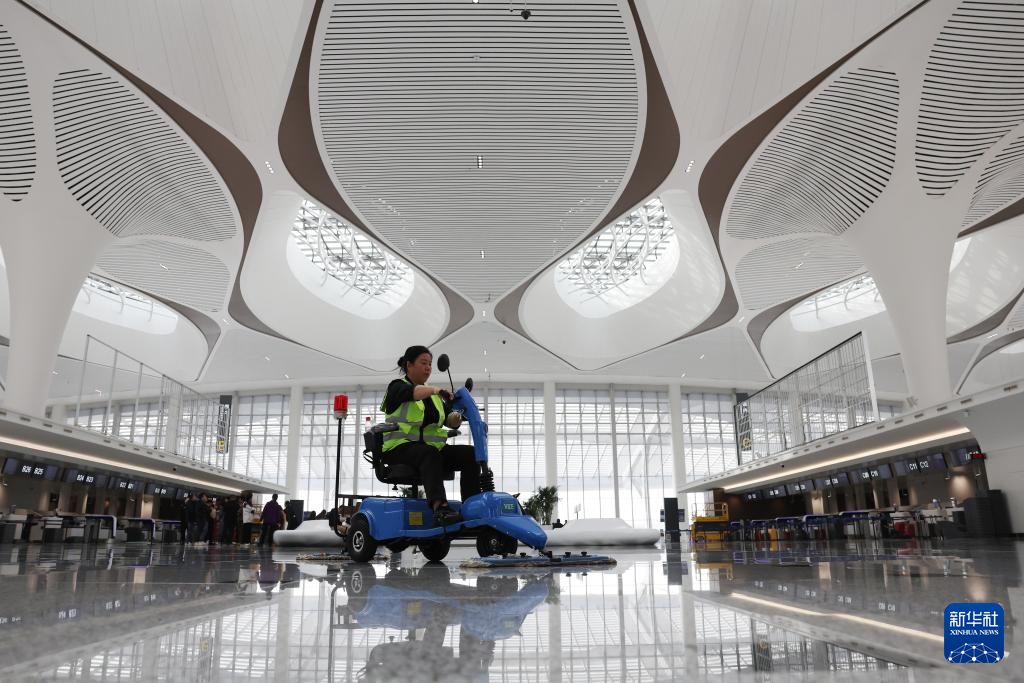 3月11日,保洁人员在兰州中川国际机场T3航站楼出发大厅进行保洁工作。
---
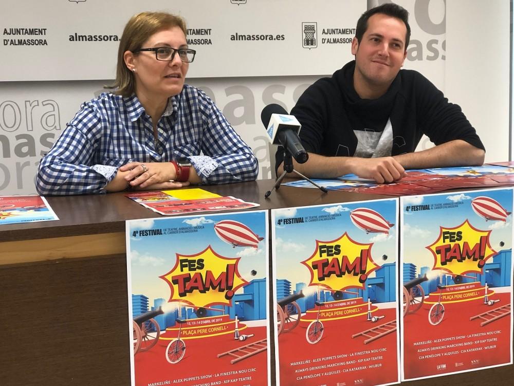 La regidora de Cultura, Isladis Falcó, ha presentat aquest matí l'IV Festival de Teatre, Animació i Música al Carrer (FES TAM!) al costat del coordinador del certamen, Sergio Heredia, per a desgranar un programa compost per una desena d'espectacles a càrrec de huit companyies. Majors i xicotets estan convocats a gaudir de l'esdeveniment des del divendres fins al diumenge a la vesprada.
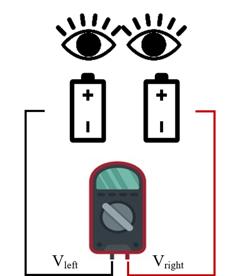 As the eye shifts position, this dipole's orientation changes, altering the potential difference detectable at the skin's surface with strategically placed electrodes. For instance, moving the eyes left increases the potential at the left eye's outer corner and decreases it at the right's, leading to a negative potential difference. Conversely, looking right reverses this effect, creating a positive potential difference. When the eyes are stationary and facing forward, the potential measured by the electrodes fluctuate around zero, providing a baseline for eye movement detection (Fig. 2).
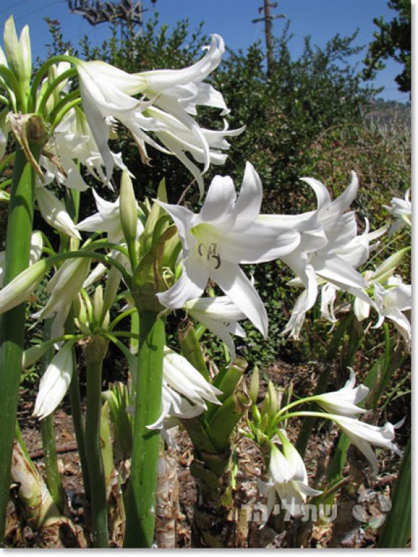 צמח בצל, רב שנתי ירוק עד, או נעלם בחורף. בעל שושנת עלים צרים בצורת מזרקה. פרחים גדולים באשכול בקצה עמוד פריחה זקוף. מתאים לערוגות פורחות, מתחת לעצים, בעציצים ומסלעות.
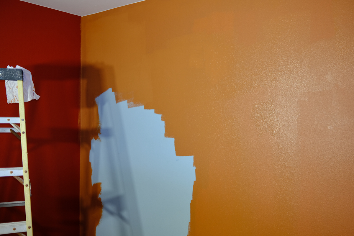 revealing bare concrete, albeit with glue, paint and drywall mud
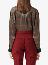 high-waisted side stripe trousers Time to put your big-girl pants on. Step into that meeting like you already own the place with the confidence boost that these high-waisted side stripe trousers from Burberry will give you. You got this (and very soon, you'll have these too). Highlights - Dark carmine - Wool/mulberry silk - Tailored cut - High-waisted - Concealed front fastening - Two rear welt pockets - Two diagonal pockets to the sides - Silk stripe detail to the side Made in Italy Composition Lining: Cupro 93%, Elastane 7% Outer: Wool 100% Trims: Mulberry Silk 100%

Work task: Copy out exactly the material that runs from the line with "צמח בצל, רב" to the line with "high-waisted side stripe trousers Time", ends included, and leave the pictures behind.

Response to the task:
 צמח בצל, רב שנתי ירוק עד, או נעלם בחורף. בעל שושנת עלים צרים בצורת מזרקה. פרחים גדולים באשכול בקצה עמוד פריחה זקוף. מתאים לערוגות פורחות, מתחת לעצים, בעציצים ומסלעות.
 revealing bare concrete, albeit with glue, paint and drywall mud
 high-waisted side stripe trousers Time to put your big-girl pants on. Step into that meeting like you already own the place with the confidence boost that these high-waisted side stripe trousers from Burberry will give you. You got this (and very soon, you'll have these too). Highlights - Dark carmine - Wool/mulberry silk - Tailored cut - High-waisted - Concealed front fastening - Two rear welt pockets - Two diagonal pockets to the sides - Silk stripe detail to the side Made in Italy Composition Lining: Cupro 93%, Elastane 7% Outer: Wool 100% Trims: Mulberry Silk 100%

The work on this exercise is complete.